How many years does an aquarium last? I am considering buying another aquarium. One is 125 gal (6'X2'X18") and 8 years old and the other is 120 gal (5'X18.25"x26") and about 2 years old.


----------



## choylifutsoccer

It really depends on the manufacturer. I have an aquarium from my uncle (he bought it like 30 years ago) and there's only some slight leaks. He used the aquarium for several years too.


----------



## Junglebetti

yikes, I don't know the 'life span' of an aquarium, but my instinct would be to sacrifice 5 gallons of space for the more recently constructed aquarium. Do you know if they are the same brand? I've had no leaks with any of my own tanks, but have heard some bad reviews of 'top fin' and better reviews of 'marineland' tanks. Good luck!


----------



## eaglesfan3711

Aquariums can last a long time if given a proper stand and if they are not consistently moved. A proper stand provides even support to the entire framework of the tank thus making it last longer. Every time a tank is moved, stress is placed on the silicon joints of the tank. The more they are moved, the more likely the tank's seal may be broken.


----------



## danilykins

I think replacing the seal you can get many more years out of it.


----------



## jrman83

I have a 7yr old 125g that I bought used. No problems.


----------



## roacan

I was looking at these two aquariums

125 Gallon Aquarium w/ accessories - Windsor Region Pet Accessories - Kijiji Windsor Region Canada.
125 gallon aquarium with stand and accessories
Includes two Fluval 403 filters
Currently set up with fresh water fish


120 Gallon Aquarium with Custom stand - Windsor Region Pet Classifieds - Kijiji Windsor Region Canada.
Glass 120 gallon aquarium, comes with a Custom steel stand (painted black), 2 two Aqua clear 110 filters, two lids (glass) and two lights.


A new one from great lakes aquarium 72"X18" with pine stand and glass cover is $528.90
Saltwater Custom Reef Aquariums - GreatLakesAquariums.com

Any suggestions?


----------



## Scuff

I have a Metaframe aquarium that I bought for $5 a few months ago that's 61 years old, and it still holds water. Of course, that was a different time, when things were made to last. Has a slate bottom and everything!


----------



## Price

Junglebetti said:


> yikes, I don't know the 'life span' of an aquarium, but my instinct would be to sacrifice 5 gallons of space for the more recently constructed aquarium. Do you know if they are the same brand? I've had no leaks with any of my own tanks, but have heard some bad reviews of 'top fin' and better reviews of 'marineland' tanks.
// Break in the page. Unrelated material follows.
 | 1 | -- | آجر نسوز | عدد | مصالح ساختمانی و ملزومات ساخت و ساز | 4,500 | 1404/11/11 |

Good luck!


Top Fin is actually made by marineland, specifically for petsmart so construction will be just as good! 

Just thought id throw that in there





And you could always just buy them and reseal them if you know how, i dont but if you do then you could haha


----------



## beaslbob

roacan said:


> Hello,
> 
> *How many years does an aquarium last*? I am considering buying another aquarium. One is 125 gal (6'X2'X18") and 8 years old and the other is 120 gal (5'X18.25"x26") and about 2 years old.


Decades.


but best to do a leak test. *old dude

my .02


----------



## Kaosu

i got an old 40 gallon for free on CL the people said they have had it for about 5 years..and they got it used....thick glass almost 1/2 inch lol....
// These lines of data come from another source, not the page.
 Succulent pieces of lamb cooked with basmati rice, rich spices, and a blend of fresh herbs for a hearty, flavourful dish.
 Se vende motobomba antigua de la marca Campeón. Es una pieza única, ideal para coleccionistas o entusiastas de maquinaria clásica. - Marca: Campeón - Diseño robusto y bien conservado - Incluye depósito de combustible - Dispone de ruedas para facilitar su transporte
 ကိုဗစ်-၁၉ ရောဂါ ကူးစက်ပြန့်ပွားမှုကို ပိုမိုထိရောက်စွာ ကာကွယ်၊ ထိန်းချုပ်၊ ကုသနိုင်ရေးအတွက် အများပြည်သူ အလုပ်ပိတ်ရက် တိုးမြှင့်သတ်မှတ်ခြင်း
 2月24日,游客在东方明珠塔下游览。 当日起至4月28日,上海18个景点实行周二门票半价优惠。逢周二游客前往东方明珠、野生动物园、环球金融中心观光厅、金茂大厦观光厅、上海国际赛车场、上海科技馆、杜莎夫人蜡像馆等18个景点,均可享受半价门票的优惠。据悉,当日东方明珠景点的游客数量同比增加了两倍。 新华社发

my mother has a tank up that we have had for 13+ years now with out re sealing or anything....

so it just depends on the tank...whats been done to it, how it was made....and im thinking when..the newer tanks seem so flimsy .


----------



## jrman83

I tend to be more concerned about how long it sat unfilled.


----------



## Scuff

jrman83 said:


> I tend to be more concerned about how long it sat unfilled.


This is the huge issue. The biggest thing I tell customers to do when they inquire about buying a used aquarium is to make absolutely certain they can see it full of water when they go to pick it up, so they can inspect it carefully for leaks. Even a period of time as small as a month can cause damage to the silicone seals on aquariums, if it's been kept unfilled in a very dry/cold location. The silicone pulls away from the glass, and especially in a large aquarium like what you're talking about, that can cause a leak in no time.
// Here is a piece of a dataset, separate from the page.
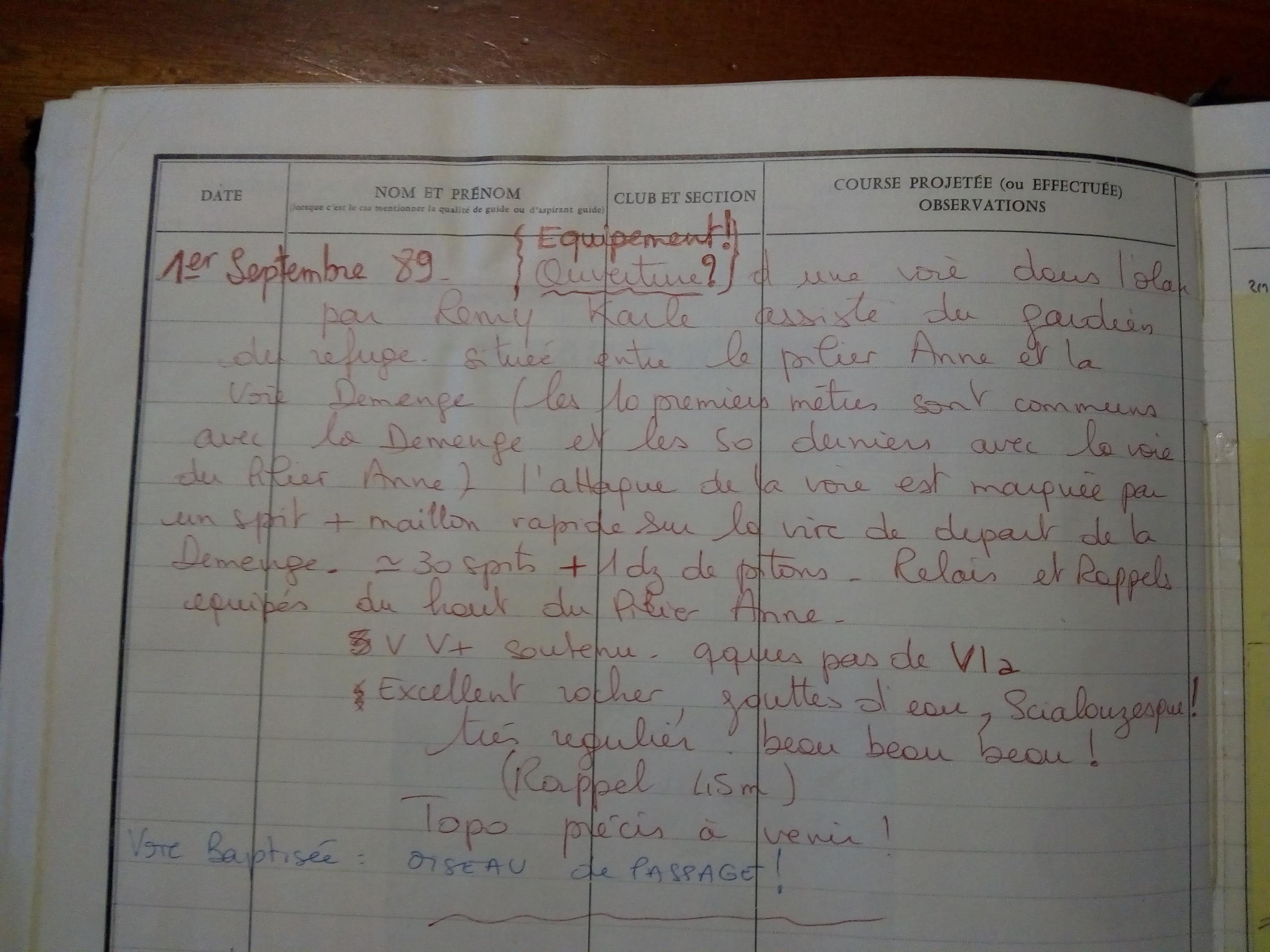 Pour L11 & L12, il est possible de continuer dans le dièdre sans aller au relais de L11 (à droite à l’extérieur du dièdre) pour rejoindre le relais sur spits de la voie Pilier Anne. Facile, 4. La suite est alors dans du 3 le long de l'arête, dans un rocher moyen.

Add to it that rodents can (and do) chew on silicone, and you've got a pretty decent chance that the aquarium doesn't hold water any more. Just make certain you can inspect it while full of water before handing any money over, and you should be fine. Use common sense; ie, avoid chipped corners, cracks, hazed glass, etc.


----------



## beaslbob

Gee I can just see that 3,000 years from now some archaeologist will dig up some rectangular clear box and ponder what it was used for. He may even be amazed it holds water.

*r2


----------



## swampcat874

Scuff said:


> I have a Metaframe aquarium that I bought for $5 a few months ago that's 61 years old, and it still holds water. Of course, that was a different time, when things were made to last. Has a slate bottom and everything!


These tanks lasted forever, this is the type I started with. Stainless steel frame around entire outside and slate bottom. Tank was sealed with a black tar looking material ,not silicon .

Good thing though ,is when tank leaks you can repair with new silicon. The bad part is going through hell with State Farm Ins trying to get your Hardwood floor fixed when it warps from all the water!!!


----------